Feature Request: Class Weighting capabilities
I'm working on creating a Random Forest classification model for a dataset that has an unequal class balance. Other packages such as scikit-learn provide a "class weight" functionality docs which allows the minority class(es) to be weighted more heavily in the training of the individual trees. As far as I can tell, there isn't any functionality like that in any Julia decision tree implementation. Would this be possible to add?
Yes, this would be nice to have.
The sk-learn model does have class_weight and this is exposed in the MLJ wrapper. Unfortunately, passing a julia dict does not appear to work. Watch the linked issue for a possible workaround.
I haven't looked at the ScikitLearn.jl wrapper.
DecisionTree.jl has low maintenance from a few volunteers. If you'd like this feature added, your best chance is to make a PR, assuming you have the expertise. Be happy to review if someone else doesn't have the time.
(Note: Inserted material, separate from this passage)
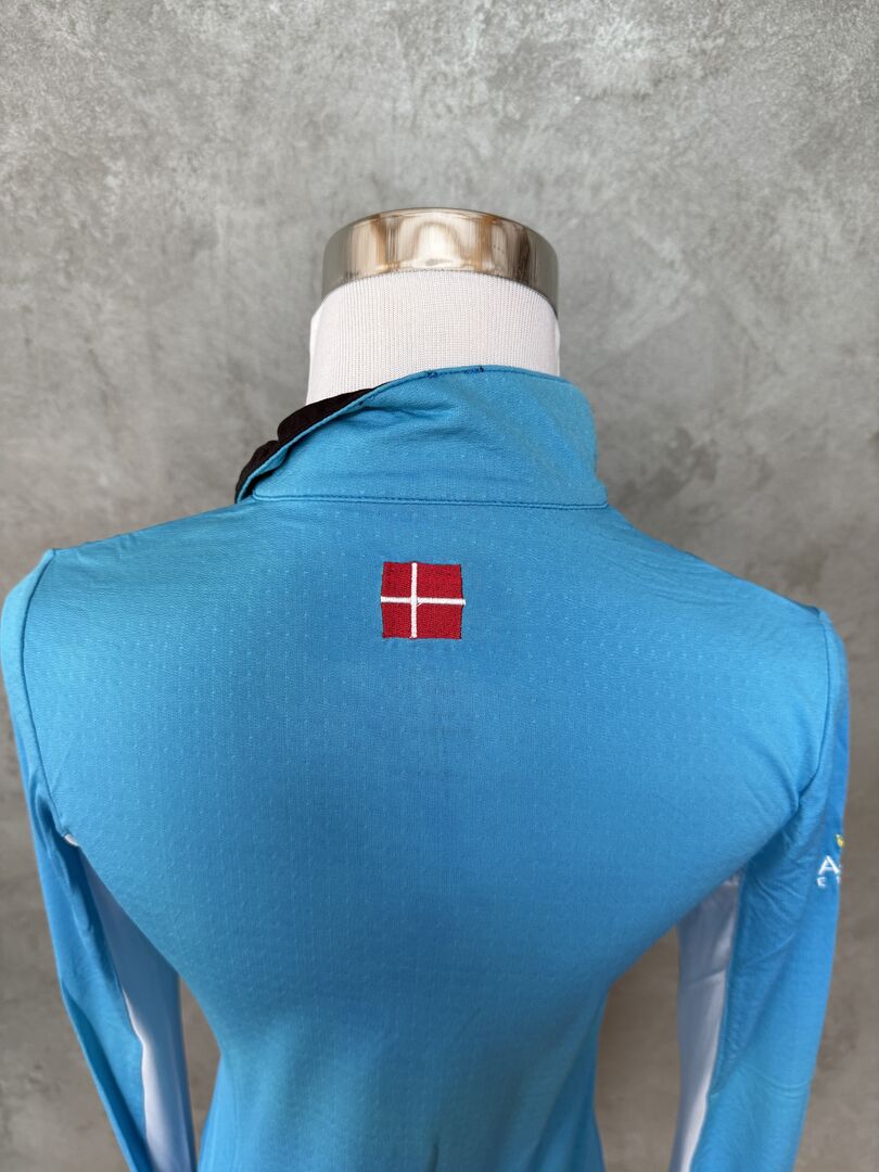 Funkcjonalna koszulka z długim rękawem Kastel Denmark, SPF 30 - Funkcjonalna koszula z długim rękawem mojej ulubionej marki Kastel Denmark w kolorze turkusowym z czarnym kołnierzykiem, mankietami i zamkiem błyskawicznym. Z filtrem przeciwsłonecznym o współczynniku ochrony 30, siateczkowymi wstawkami na rękawach. Niezwykle wygodna w noszeniu, szybko schnie, do wszystkich aktywności na świeżym powietrzu, jazdy konnej, wędrówek, golfa, tenisa lub po prostu dlatego, że jest ładna! Uwaga, niewielkie przebarwienia, ledwo widoczne, pod pachami. odpowiada niemieckiemu rozmiarowi 36

It would be worth looking at the python code because it is based on C code which I think was ported to DecisionTree.jl, but I don't recall any accomodation for weights there. Or maybe the C code was just for individual trees. Sorry, I don't remember just now.
My suggestion would be to support per-observation weights first, and build class weight support on top of that (by using an analogue of the tool you linked to, which is something like this).